▸ Exercise objective
Write out the lines of the material below exactly, beginning at the line with "Collection of beautiful" and stopping after the line with "β1 is defined", and leave out the pictures.

▸ Record set
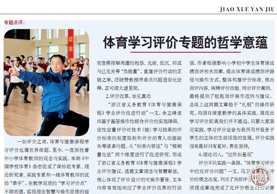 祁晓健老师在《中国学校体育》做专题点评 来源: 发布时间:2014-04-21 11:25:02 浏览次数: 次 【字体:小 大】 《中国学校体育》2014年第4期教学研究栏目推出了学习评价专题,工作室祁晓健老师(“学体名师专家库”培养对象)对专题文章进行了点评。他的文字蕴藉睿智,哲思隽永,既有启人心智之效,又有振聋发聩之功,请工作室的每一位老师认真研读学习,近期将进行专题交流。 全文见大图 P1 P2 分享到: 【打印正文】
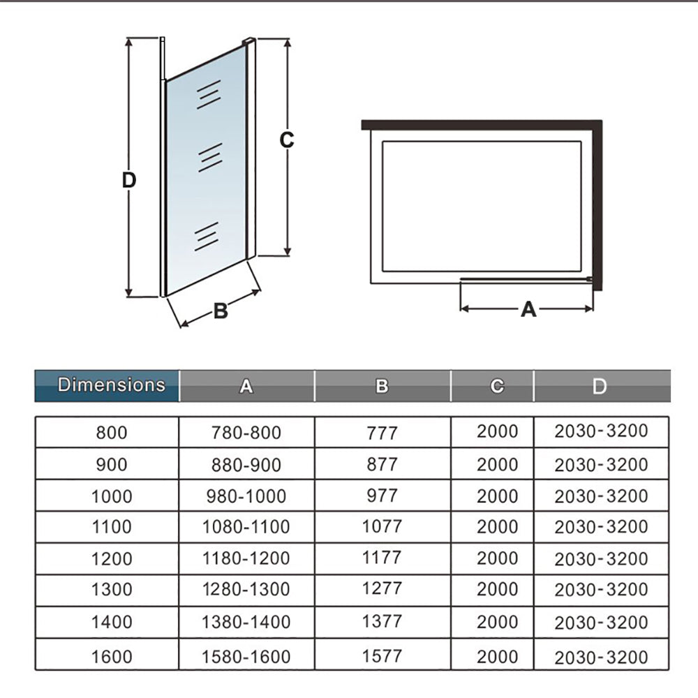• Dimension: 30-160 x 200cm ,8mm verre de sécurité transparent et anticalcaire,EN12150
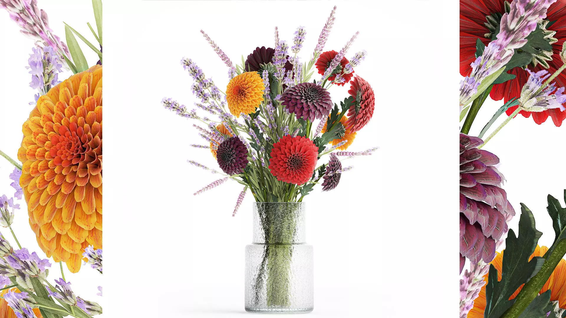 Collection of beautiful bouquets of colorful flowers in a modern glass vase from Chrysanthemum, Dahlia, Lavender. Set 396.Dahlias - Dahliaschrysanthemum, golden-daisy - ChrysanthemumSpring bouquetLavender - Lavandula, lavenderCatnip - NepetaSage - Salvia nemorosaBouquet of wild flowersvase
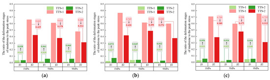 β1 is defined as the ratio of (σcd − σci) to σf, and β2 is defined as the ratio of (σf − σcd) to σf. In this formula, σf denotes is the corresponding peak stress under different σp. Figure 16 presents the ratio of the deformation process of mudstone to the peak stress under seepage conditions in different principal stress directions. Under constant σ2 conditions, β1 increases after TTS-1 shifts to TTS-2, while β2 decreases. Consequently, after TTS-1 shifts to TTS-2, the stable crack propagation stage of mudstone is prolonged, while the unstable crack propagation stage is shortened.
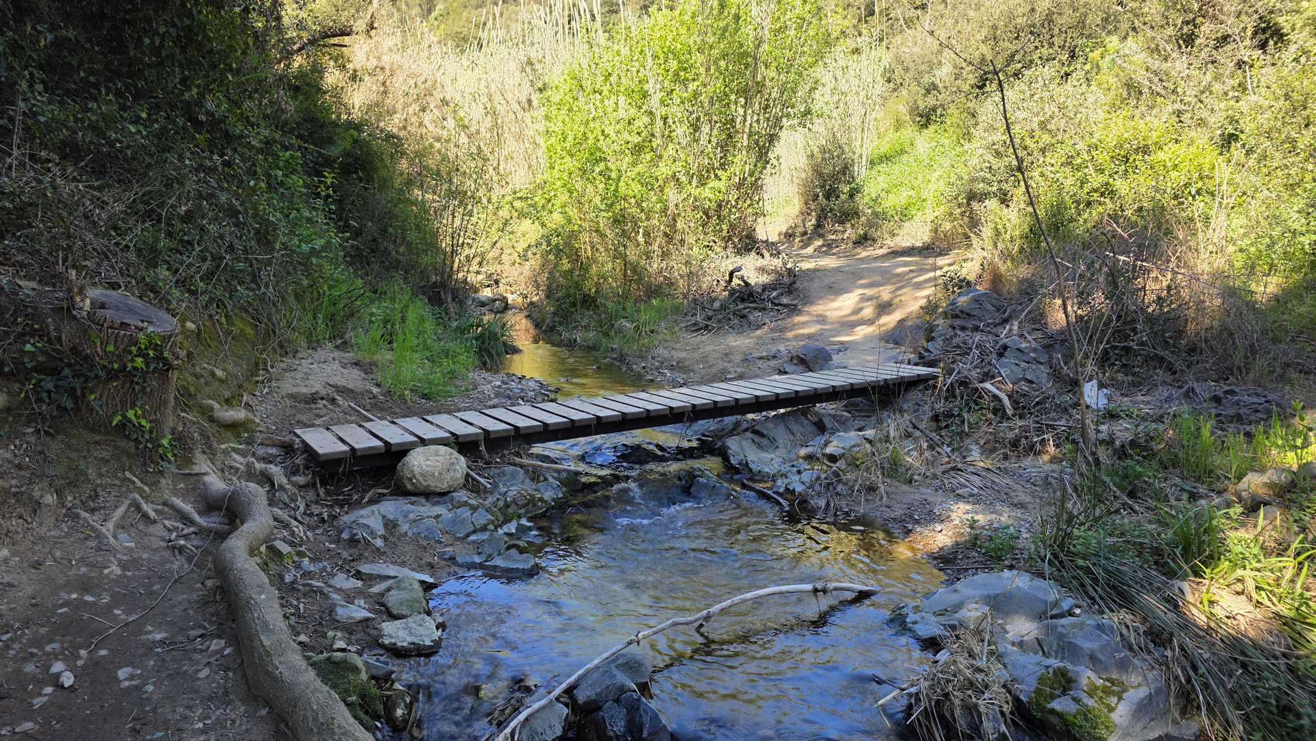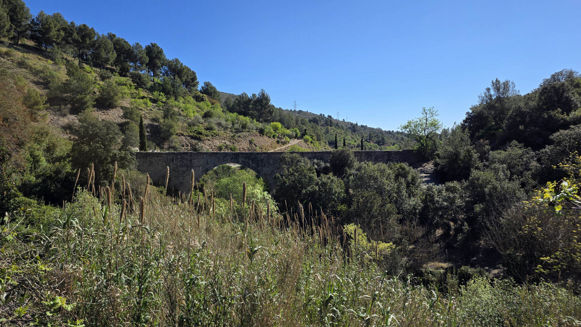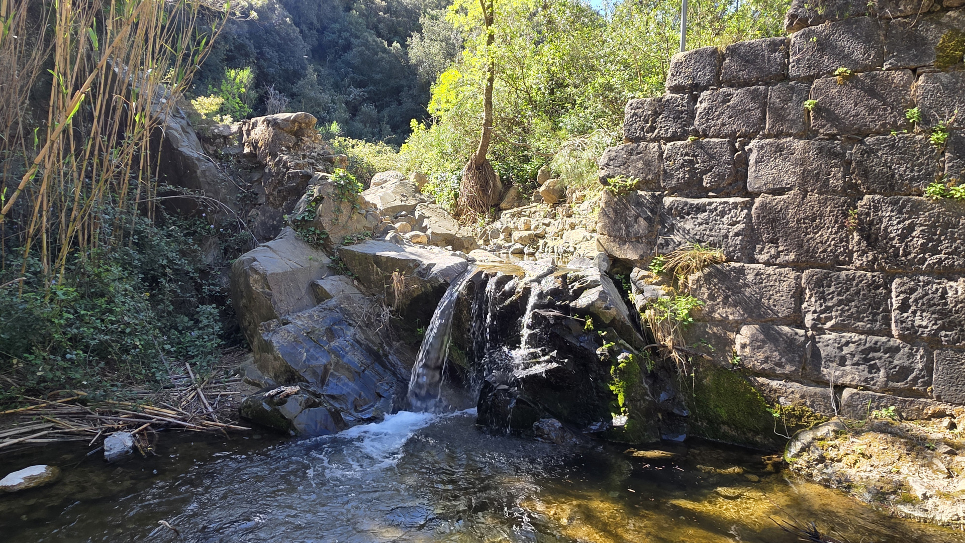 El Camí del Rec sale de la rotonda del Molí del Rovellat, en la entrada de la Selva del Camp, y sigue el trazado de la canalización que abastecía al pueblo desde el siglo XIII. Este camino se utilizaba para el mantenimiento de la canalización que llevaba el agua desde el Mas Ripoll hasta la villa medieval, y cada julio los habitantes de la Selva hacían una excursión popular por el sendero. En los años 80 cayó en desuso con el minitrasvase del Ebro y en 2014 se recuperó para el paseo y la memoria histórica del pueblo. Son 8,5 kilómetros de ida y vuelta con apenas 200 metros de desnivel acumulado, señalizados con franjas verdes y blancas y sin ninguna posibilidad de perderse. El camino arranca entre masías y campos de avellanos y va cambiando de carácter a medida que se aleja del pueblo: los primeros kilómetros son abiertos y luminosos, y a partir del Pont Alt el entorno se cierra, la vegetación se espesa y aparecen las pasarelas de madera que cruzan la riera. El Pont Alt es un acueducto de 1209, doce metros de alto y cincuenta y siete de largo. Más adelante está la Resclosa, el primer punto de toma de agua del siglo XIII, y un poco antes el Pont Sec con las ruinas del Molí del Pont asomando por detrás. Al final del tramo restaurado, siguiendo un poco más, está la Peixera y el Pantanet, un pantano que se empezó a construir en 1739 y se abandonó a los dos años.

▸ Output for this task
 Collection of beautiful bouquets of colorful flowers in a modern glass vase from Chrysanthemum, Dahlia, Lavender. Set 396.Dahlias - Dahliaschrysanthemum, golden-daisy - ChrysanthemumSpring bouquetLavender - Lavandula, lavenderCatnip - NepetaSage - Salvia nemorosaBouquet of wild flowersvase
 β1 is defined as the ratio of (σcd − σci) to σf, and β2 is defined as the ratio of (σf − σcd) to σf. In this formula, σf denotes is the corresponding peak stress under different σp. Figure 16 presents the ratio of the deformation process of mudstone to the peak stress under seepage conditions in different principal stress directions. Under constant σ2 conditions, β1 increases after TTS-1 shifts to TTS-2, while β2 decreases. Consequently, after TTS-1 shifts to TTS-2, the stable crack propagation stage of mudstone is prolonged, while the unstable crack propagation stage is shortened.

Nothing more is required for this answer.